The President of Rwanda said that “waiting to respond to HIV in Africa was a mistake, because the virus was spreading, even though it was treatable”, recalling that a decade and countless lives were lost. He cited the need for more investment in health infrastructure, pointing out that national health systems in Africa depended upon to fight COVID-19 were largely built with HIV funding. “It is difficult to find any family in sub-Saharan Africa today that has not lost someone to HIV/AIDS,” added Rwanda’s representative from the General Assembly Hall. African girls aged 15 to 19 are at particular risk of being infected.

In that context, the President of the Democratic Republic of the Congo, speaking on behalf of the African Group, said HIV/AIDS remains one of the most serious public health threats and a leading cause of death in Africa, a point bolstered by the Health Minister of Mozambique, who said that 2.1 million Mozambicans were living with HIV in 2020, including 130,000 children under age 15. While the country reduced new infections by 25 per cent between 2021 and 2020 — driven by a mix of behavioural, biomedical and structural interventions — more must be done to fill gaps in legal protections and safeguard citizens’ rights. The Deputy President of South Africa meanwhile echoed calls to temporarily loosen intellectual property protections, which would enable local production of medical commodities and encourage technology‑sharing to meet public health objectives.

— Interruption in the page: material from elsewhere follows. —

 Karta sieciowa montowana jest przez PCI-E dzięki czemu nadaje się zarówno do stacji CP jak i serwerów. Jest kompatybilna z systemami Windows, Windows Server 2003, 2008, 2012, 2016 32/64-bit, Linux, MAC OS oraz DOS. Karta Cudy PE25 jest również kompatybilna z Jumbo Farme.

A few leaders pointed to actions already under way, with the European Commissioner for International Partnerships of the European Union stressing that “Team Europe” has contributed €2.6 billion to the Global Fund to Fight AIDS, Tuberculosis and Malaria. She expressed support for strengthening health systems pursuant to the Rome Declaration adopted in May at the Global Health Summit.

“If there was ever a time to remotivate ourselves […] that time is now,” Thailand’s Prime Minister agreed. He called for rapidly scaled-up innovations and expanded coverage, delivered through a user-friendly, rights-backed package of services. Canada’s Minister for International Development vowed that her country will continue to stand up for the rights of key populations. “This is the time for the global community to come together to acknowledge and confront the intersecting inequalities, and other reasons behind why pandemics continue to disproportionately affect those with the least power in our societies,” she said.

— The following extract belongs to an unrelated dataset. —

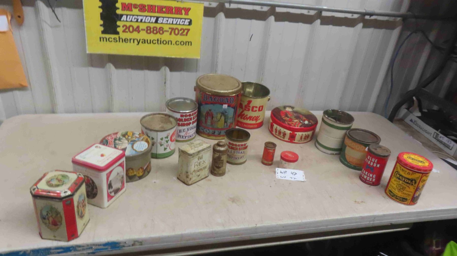 17 Old Coffee, Blue Ribbon, Rogers Syrup, Etc. Tins

Also speaking in the general debate were Heads of State and Government and other senior officials from Burkina Faso, United Republic of Tanzania, Seychelles, Liberia, Central African Republic, Zimbabwe, Sierra Leone, Nigeria, Guyana, Niger, Malawi, Botswana, Namibia, South Sudan, Eswatini, Ireland, Serbia, Indonesia (also on behalf of the Association of Southeast Asian Nations (ASEAN)), Spain, Denmark, Switzerland and Luxembourg.

Also speaking in explanation of position were representatives of Australia, Namibia, United States, Portugal (on behalf of the European Union), Canada, Mexico, South Africa, Cameroon, Equatorial Guinea, Morocco, Algeria, Brazil, Canada, United Kingdom, Bahrain (on behalf of the Gulf Cooperation Council), China, Russian Federation, Japan, Iran, Hungary, Guatemala, Iraq, Belarus, Libya, Egypt, Sudan, Malaysia, Israel, Nicaragua, Bangladesh and Syria, as well as observers for the Holy See and the European Union.

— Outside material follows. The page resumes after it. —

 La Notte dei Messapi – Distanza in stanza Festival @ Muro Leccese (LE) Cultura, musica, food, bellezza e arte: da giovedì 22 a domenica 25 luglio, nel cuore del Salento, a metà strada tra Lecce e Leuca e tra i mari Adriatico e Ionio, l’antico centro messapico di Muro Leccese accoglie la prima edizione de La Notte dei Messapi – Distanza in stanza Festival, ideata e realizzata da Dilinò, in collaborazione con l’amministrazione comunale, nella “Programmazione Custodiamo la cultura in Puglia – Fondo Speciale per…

The representative of the Russian Federation introduced three amendments during a point of order.

Charlize Theron, eminent person actively engaged in the response to HIV/AIDS, United Nations Messenger of Peace, and Founder of the Charlize Theron Africa Outreach Project, also delivered opening remarks.

The Assembly will reconvene at 4:30 p.m. on Wednesday, 9 June, to continue the general debate of its high-level meeting on HIV/AIDS.